Lisa pulled a packet of blue plastic overshoes from a drawer. ‘If you want to go out, you’ll have to wear these.’
Vera pulled them on and walked out onto the tiles. The bootees were exactly the same as the ones she wore at a crime scene. The pool was quiet. There was that strange echo that reminded her of aching limbs and a pounding heart. A few determined swimmers ploughed through the water and a couple of women sprawled on the deckchairs. From outside, when it was closed, the office door looked like another wall panel. It wasn’t surprising that they’d missed it. Lisa must have been following her thoughts. ‘The architect wanted clean lines,’ she said. ‘There are a couple of other storerooms, but they’re hidden too. This is the only one you can access from both sides.’
Vera joined her back in the office. She leaned her backside against the desk. ‘Do you know a guy called Michael Morgan?’
‘He does the complementary therapies?’ The question was innocent enough, but Vera wasn’t deceived. Lisa knew him all right. She was suddenly more alert.
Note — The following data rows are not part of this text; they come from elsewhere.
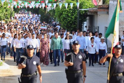 Acompañado por su esposa, la Presidenta del DIF Bahía de Banderas, Ana Esperanza Berumen de Cuevas, autoridades militares, síndico y regidores, el Alcalde bahiabanderense, agregó que a 209 años, el mensaje sigue siendo el mismo: “Sólo juntos podemos lograr derribar los obstáculos y alcanzar las metas; Bahía de Banderas festeja la Independencia de México, orgullosos de nuestra historia y preparados a seguir la lucha para lograr un mejor futuro para nuestros hijos”.
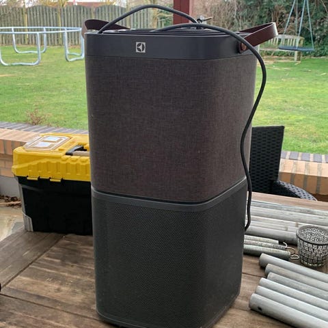Electrolux AF71 luftrenser i grå tekstilfront og mørk kabinet. Enheden har bærehåndtag på toppen og kan indstilles mellem manuel og smart tilstand via betjeningspanelet. Bagsiden er udstyret med udskifteligt filtermodul, som kan tages af for rengøring eller filterskift. Luftrenseren er egnet til indendørs brug og tilsluttes med ledning til almindelig stikkontakt. Anvendt få gange.
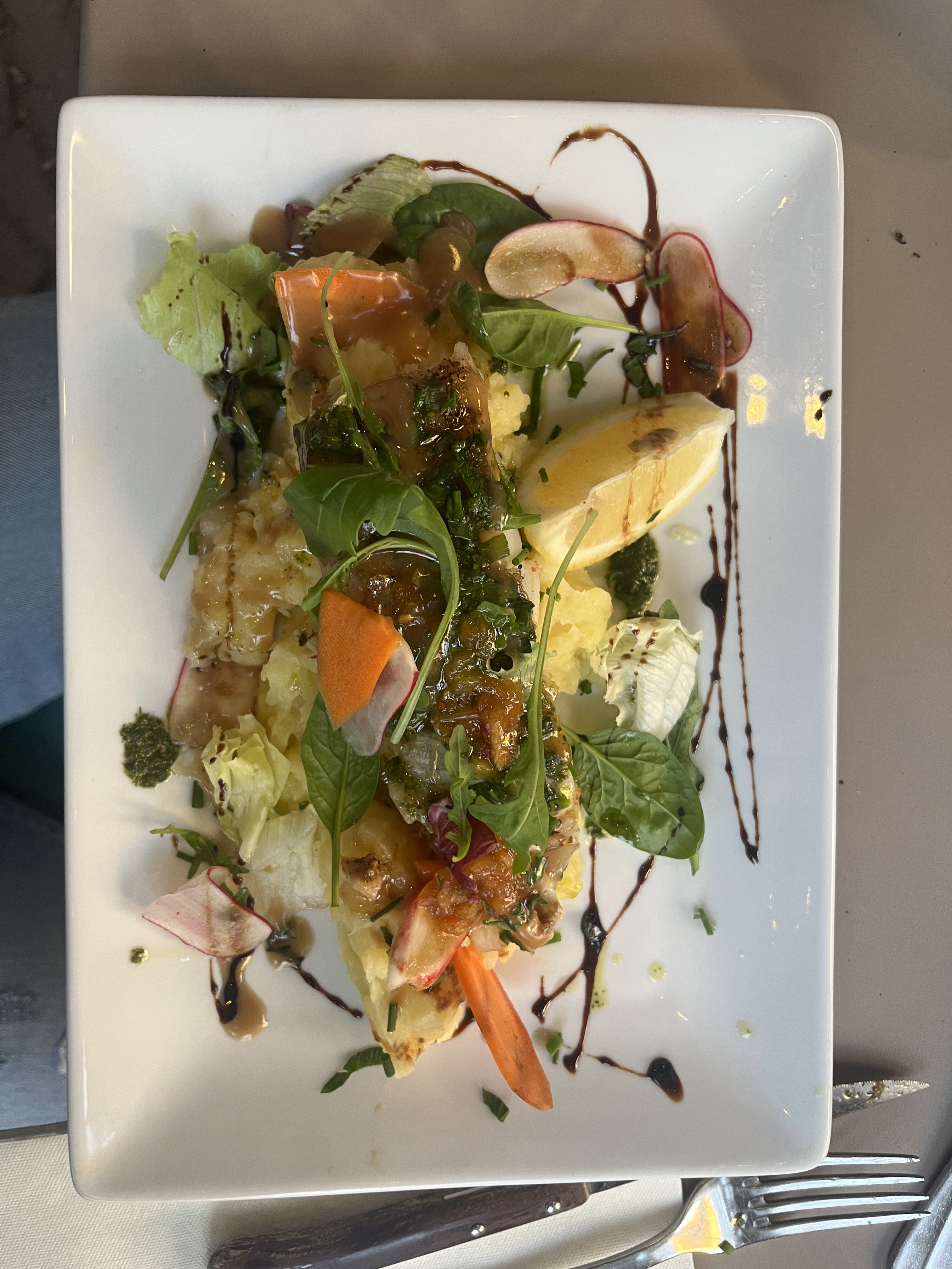 Excellent ! Un dos de cabillaud avec un risotto au parmesan juste parfait, j’ai adoré. Le lieu est très beau et mignon. Le service était parfait !! Je reviendrai.

‘Works here once a week. Got one of the young waitresses pregnant. That’s the one.’ Vera looked directly at Lisa. ‘Did he ever try it on with you?’
‘No! Nothing like that. He wouldn’t.’ Lisa seemed horrified by the idea.
‘Why wouldn’t he? He has a history of it.’
‘I was his client,’ Lisa said. ‘Our relationship was professional.’ A wash of colour was spreading from her neck into her cheeks.
Maybe it was professional, but you’d have liked it to be more than that. What is it about Michael Morgan and women who should know better?
‘Tell me about it.’
‘It was hard, working here. I mean, I’m good at the job and I love it, but I’ve never really fitted in.’
‘You were bullied,’ Vera said.
‘That sounds a bit harsh, but it’s what it felt like. I didn’t go into town clubbing with the other girls and I’m not interested in the same stuff. They could be dead cruel. It got that I dreaded coming into work, started having these panic attacks. My GP couldn’t help, so I tried Michael.’
‘And he could help?’
Lisa nodded. ‘I don’t know how it works, but it made me feel really calm. Like I really stopped caring about what the rest of them thought about me. I looked forward to coming into work again.’
‘Did you ever see him away from here?’ Vera asked.
‘No.’ Lisa was playing with one of the soft rubber floats, twisting it in her hands. ‘Look, none of the other staff know I consulted him. There’s always been a lot of gossip, first when the little boy was killed and then when he took up with Freya. It’s as if he’s some sort of freak. If they knew I’d seen Michael, they’d love that. It’d just give them more ammunition to have a go at me. But he was kind to me, gentle, and I’m grateful to him.’
‘Did you ever catch him in the places where the public has no access?’
Lisa frowned. ‘No. Only in the office he used as a consulting room.’
‘But he would have had one of those magic fobs that would let him back here?’
‘I suppose so.’ Lisa looked at her watch. ‘Look, I’ll have to go. My shift started ten minutes ago.’
‘Did any of the other staff consult him?’ Lisa was already halfway through the door, but turned back to answer the question.
‘I wouldn’t know,’ she said, ‘would I? They wouldn’t admit to it any more than me.’